Sahanın paylaşılması

Kolektivizmin bir diğer bileşeni, futbol alanında dağılımda ortaya çıkar. Oyun oynanırken, doğru oyuncu doğru yerde olmalıdır. 11 oyuncu etki alanlarıyla sahayı doldurmalıdır. Futbol alanı öylesine büyüktür ki, sahanın bir bölümünde birikmiş futbolcuların, öteki tarafa atılan bir topa yetişmelerine olanak yoktur.

Oyuncular sahayı paylaşmalıdırlar (organizasyon). Bunun sistemler, stratejiler, taktikler, 2-3-4 kişilik teknik organizasyonlar (markaj, pres, ver-kaç, kapatma, destek vb.) gibi alt unsurları vardır.

Bu işbölümü dayatılamaz. Her futbolcunun yeri, bedensel ve psikolojik yeteneklerine göre belirlenir. Atakta veya savunmada bulunacakları yerler bellidir.

Oyuncuların birbirini tanıması

Bir diğer önemli unsur da oyuncuların uzun süre bir arada oynamaları, birbirlerinin zayıf ve güçlü yönlerini tanımaları, birbirlerinin nerede, ne zaman, ne yapabileceğini bilmeleridir. Üst düzeyde bir yardımlaşma ve kolektivizm bu temelde gelişebilir.

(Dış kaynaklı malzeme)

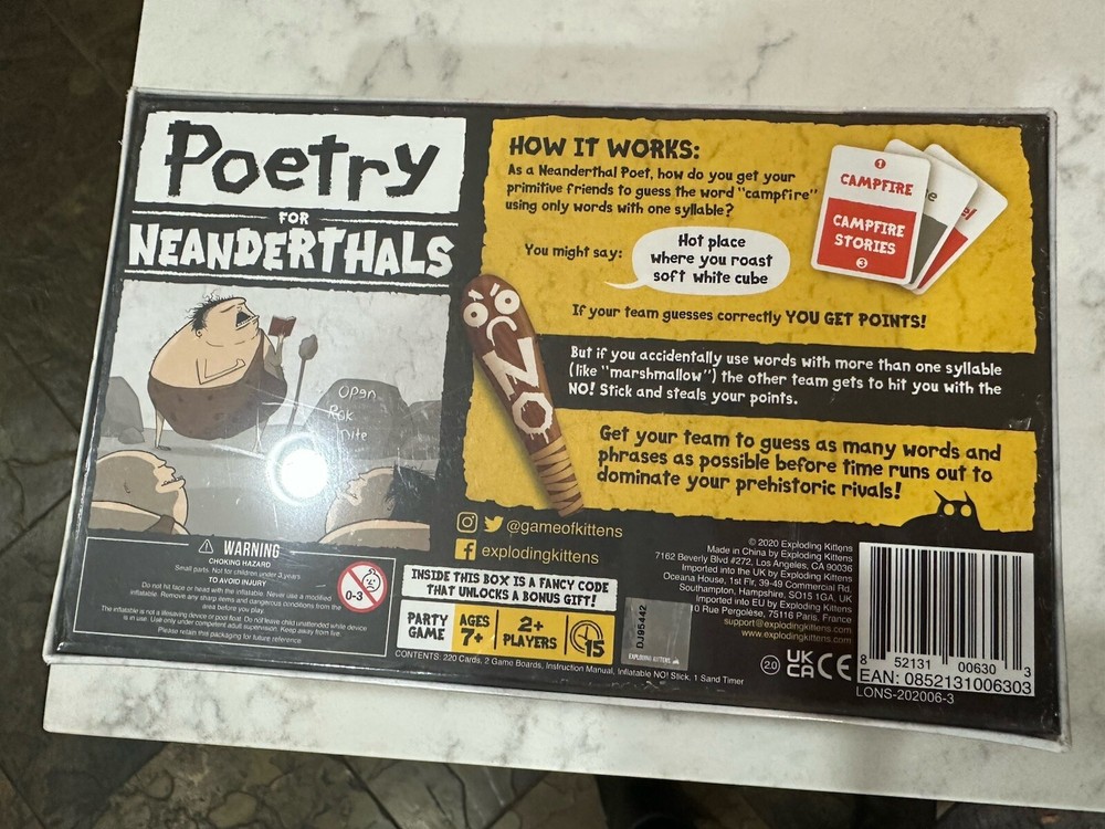 Gender:Boys & GirlsMPN:POETRY-CORE-1Game Title:Poetry for NeanderthalsType:Complete GameYear:2021Game Type:Word GameMin. Number of Players:2 playersgtin13:0852131006303Recommended Age Range:7+ yearsBrand:Exploding KittensAge Level:12-16 Years, 8-11 Years, 17 Years & UpUPC:0852131006303Theme:Strategy
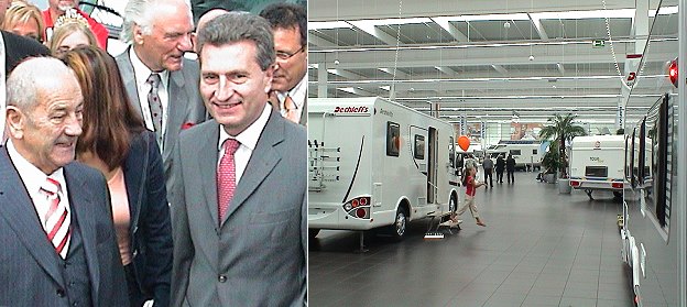 Der Ministerpräsident Baden Württembergs, Günther Oettinger, ließ sich nicht lange bitten und eröffnete gestern persönlich gemeinsam mit Vorzeige-Mittelständler Erwin Hymer das Expocamp. In der reisemobilen "S-Klasse" von Hymer rollte er in die Ausstellungshalle, zeigte sich hernach durchaus angetan vom Komfort des Reisemobils und schloss nicht aus, dass er sich mal "so ne Kiste ausleihen" werde.
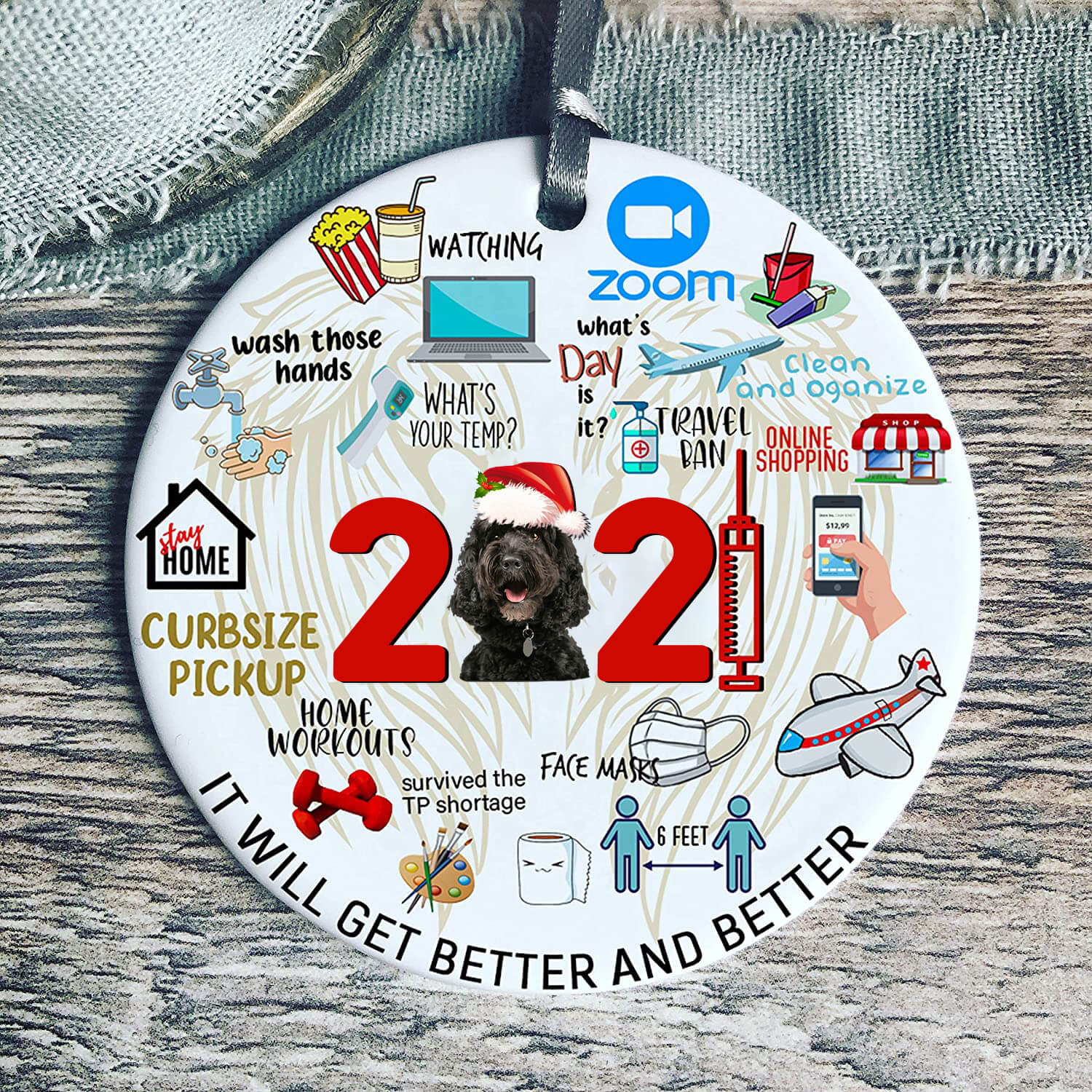 Black Cockapoo Covid Commemorative Ornament 2021 Christmas Tree Ornaments

Dünyanın şu anda mevkilerinin en iyisi olan oyuncularını bir araya getirin, iyi bir takım kurmuş olmazsınız; çünkü birlikte oynama deneyimleri ve birikimleri yoktur. Zaman zaman gösteri maçları için böyle dünya karmaları oluşturulur; sıradan ama belli bir düzeydeki sağlam bir takım, eğer kazanmak için oynarsa her zaman bu yıldızlar topluluğunu yerle bir eder.

Tadına ve seyrine doyamadığımız futbol

Futbol kolektivizminde aşırı uzmanlaşma değil, işbölümüyle birlikte bütünü kavrama; rekabet ve bireycilik değil, dayanışma ve paylaşma; yabancılaşma değil, hedefe yönelik irade birliği; tek tipleştirme, sıradanlaştırma, makineleştirme değil, kolektif oyun ile bireysel yeteneğin sentezi; kâr hırsı değil, zevk alma ve verme; tekdüzelik değil, sınırsız coşku, heyecan ve aşk ön plandadır.

Kolektivizmin bir diğer bileşeni, futbol alanında dağılımda ortaya çıkar. Oyuncular sahayı paylaşmalıdırlar.

Futbol kolektivizmi, bireysel yeteneği/yaratıcılığı körelten, futbolcuyu makineleştiren, tek tipleştiren bir kolektivizm değildir. Tam tersine, bireysel yaratıcılık ne kadar gelişirse, o kadar üst düzeyde bir kolektivizme ulaşılabilir. Daha doğrusu böyle olmalıdır; yoksa oyun silikleşir, sıradanlaşır ve ne oyuncuya ne de seyirciye tat verir.

Futbol takımı, klasik müzik çalan bir orkestradan çok, doğaçlama caz yapan bir topluluğa benzer.

Tadına ve seyrine doyamadığımız gerçek futbol budur. Ve bütün bunlar kapitalizmin değil, sosyalizmin değerleridir.

Başlayan Dünya Kupasında bu futbolu bulabilmemiz dileğiyle…

Kaynak

– Halil Halit Toker, Ender Helvacıoğlu; “Futbolun sırrı”, Bilim ve Ütopya, Haziran 2000, Sayı: 72.